The U.S. government is offering a substantial reward of $10 million for information leading to the arrest of a Russian national indicted for deploying the WhisperGate malware. This individual, allegedly a member of Russia's GRU, is charged with conspiring to hack and destroy Ukrainian government systems ahead of Russia’s invasion of Ukraine.
The malware, which also targeted systems in countries supporting Ukraine, including the United States, was part of a strategy to destabilise and spread fear. The indictment reveals that WhisperGate was designed to appear as ransomware but was intended to completely destroy the infected systems and their data, causing significant disruption.
In addition to these cyber attacks, the conspirators exfiltrated sensitive data and defaced websites with threatening messages to Ukrainians. They attempted to sell the stolen data online, further aiming to create chaos and distrust in government systems. These actions extended beyond Ukraine, including attacks on the transportation infrastructure of a Central European country and probes into a federal government agency in Maryland.
EU Charges Microsoft With Antitrust Violations Over Teams
The European Union has charged Microsoft with antitrust violations for bundling its Teams app with its Office suite, marking the first such charges against the tech giant in over a decade. The European Commission's charge sheet, issued Tuesday, claims Microsoft gave Teams an "undue advantage," harming competitors like Slack and Zoom. Margrethe Vestager, the EU's competition chief, warned, "If confirmed, Microsoft’s conduct would be illegal under our competition rules."

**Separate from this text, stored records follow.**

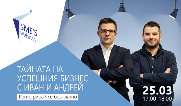 В рамките на един час зрителите на SMEs Webinars ще почерпят от дългогодишния опит на Иван и Андрей, а в специален панел ще могат да зададат своите въпроси към тях, свързани с развитието на успешен бизнес.
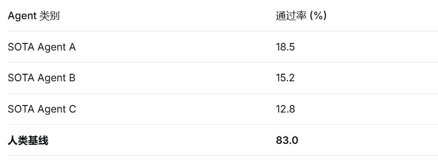 结果令人警醒:即使是最先进的Agent,通过率也低于20%。更值得玩味的是失败模式:大部分任务在完成度不到30%的阶段就已停滞,关键失败往往发生在早期阶段。
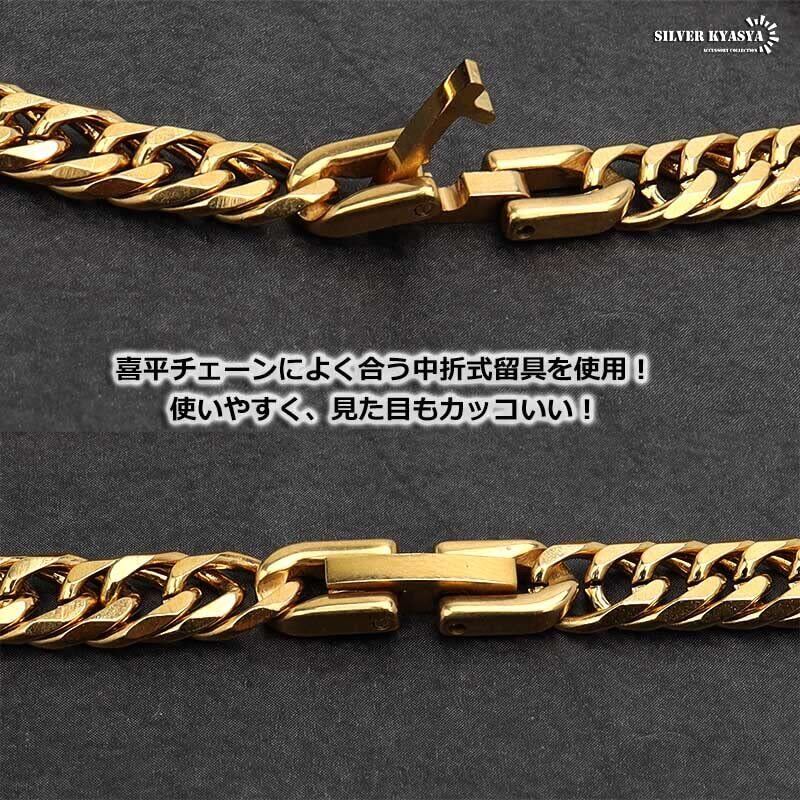 特徴: 6面カット、ダブル喜平デザイン、ステンレス製、ゴールド/シルバー選択可能
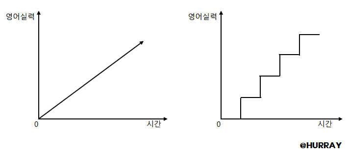 아래 왼쪽 그래프 처럼 영어공부가 학습량에 비례해서 실력이 올라간다면 참 좋겠지만 안타깝게도 오른쪽과 같이 계단형의 그래프로 실력이 상승합니다.
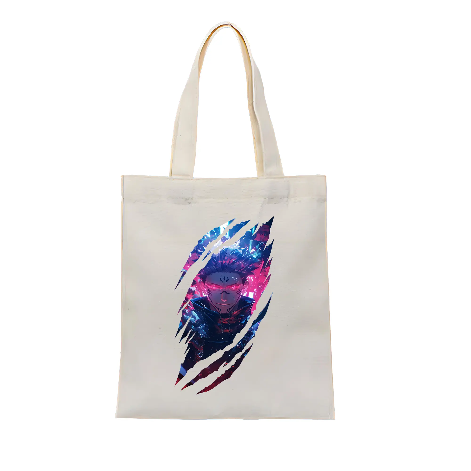 呪術廻戦 グッズ,両面宿儺 - 縦型キャンバス手提げバッグ(トートバッグ) ・ キャンバス素材 ・ ショッピング用 ・ 軽量 丈夫 お手入れ簡単
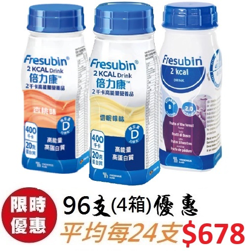- 高能量密度 (2千卡/毫升):每支200毫升,可提供400千卡。足夠滿足病人的額外能量需求,從而改善病人的健康成效。
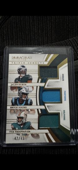 Jalen Hurts/Bryce Young/Tua Tagovailoa 2025 Triple Jerseys Immaculate 47/49$250San Jose, CA
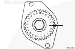 為了精確地使螺釘轉動到要求的角度,使螺釘與螺釘頭上標記的“小圓點”和“窗口”對正,或者使用推薦的扭矩角度計 - 19 mm [3/4-in] 驅動頭(零件號 3823878)或等同物。
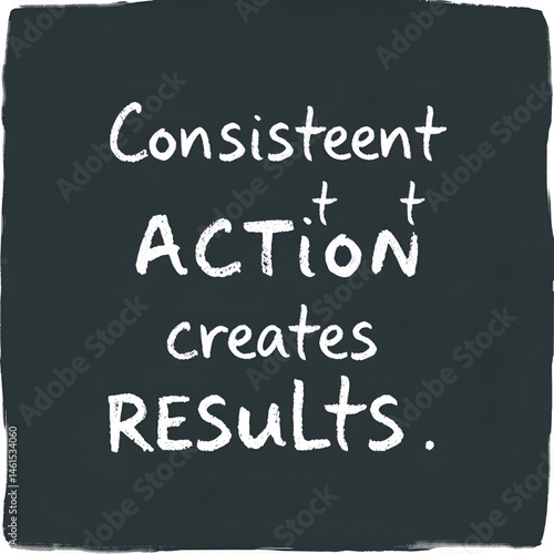 Consistent action creates results. A blackboard with white text. Illustration with grunge text style.

We are concerned that Microsoft may be giving its own communication product Teams an undue advantage over competitors, by tying it to its popular productivity suites for businesses. And preserving competition for remote communication and collaboration tools is essential as it also fosters innovation on these markets. If confirmed, Microsoft’s conduct would be illegal under our competition rules. Microsoft now has the opportunity to reply to our concerns.

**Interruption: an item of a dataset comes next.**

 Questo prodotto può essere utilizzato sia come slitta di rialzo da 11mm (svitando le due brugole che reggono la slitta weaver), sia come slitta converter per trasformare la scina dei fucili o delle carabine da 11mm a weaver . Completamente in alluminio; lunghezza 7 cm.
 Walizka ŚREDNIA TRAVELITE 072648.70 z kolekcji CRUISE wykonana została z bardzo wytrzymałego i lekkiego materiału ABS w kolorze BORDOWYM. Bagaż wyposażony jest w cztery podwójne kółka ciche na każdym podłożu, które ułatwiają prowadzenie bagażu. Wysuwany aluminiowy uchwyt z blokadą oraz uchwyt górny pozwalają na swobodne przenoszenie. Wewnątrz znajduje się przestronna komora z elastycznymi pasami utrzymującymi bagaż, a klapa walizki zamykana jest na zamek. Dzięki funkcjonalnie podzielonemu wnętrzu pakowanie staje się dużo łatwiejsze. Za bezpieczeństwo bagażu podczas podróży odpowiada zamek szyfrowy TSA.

Margrethe Vestager, Executive Vice-President in charge of competition policy
Despite Microsoft's previous attempts to unbundle Teams from Office, the EU found these measures insufficient. Microsoft's president, Brad Smith, responded,
"We appreciate the additional clarity provided today and will work to find solutions to address the commission’s remaining concerns."

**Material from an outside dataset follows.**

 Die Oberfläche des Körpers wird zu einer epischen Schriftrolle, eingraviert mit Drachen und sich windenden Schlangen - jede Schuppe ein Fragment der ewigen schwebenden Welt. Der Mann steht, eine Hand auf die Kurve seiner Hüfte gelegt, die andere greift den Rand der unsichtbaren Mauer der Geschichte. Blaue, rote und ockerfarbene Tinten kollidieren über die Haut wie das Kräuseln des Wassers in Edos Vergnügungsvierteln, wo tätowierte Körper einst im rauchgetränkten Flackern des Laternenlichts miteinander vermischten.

This latest challenge comes amid heightened scrutiny over Microsoft's $75 billion acquisition of Activision Blizzard and its $13 billion partnership with OpenAI. If unresolved, Microsoft could face a fine of up to 10 percent of its annual global revenues.
Geopolitical Risks Escalate With Russia-Linked Influence Campaigns
As the U.S. presidential election nears, geopolitical tensions are rising due to Russia-linked threat actors like CopyCop ramping up their influence campaigns. Likely aligned with the Russian government, CopyCop uses fake news websites and generative AI to manipulate political content. Initially targeting political leaders in Europe, the group now focuses on the U.S., criticising President Biden and downplaying issues related to former President Trump, as detailed in a report by Recorded Future’s Insikt Group.
These campaigns highlight the growing use of AI to undermine democratic processes globally. CopyCop's ability to generate manipulated content complicates efforts to attribute these operations to foreign adversaries. This trend extends to other Russia-affiliated networks like Doppelgänger, which spreads disinformation to discredit political movements. The U.S. Justice Department remains vigilant against foreign adversaries abusing AI to accelerate disinformation and proliferate deepfakes, signalling a significant escalation in information warfare and posing risks to election integrity and global political stability.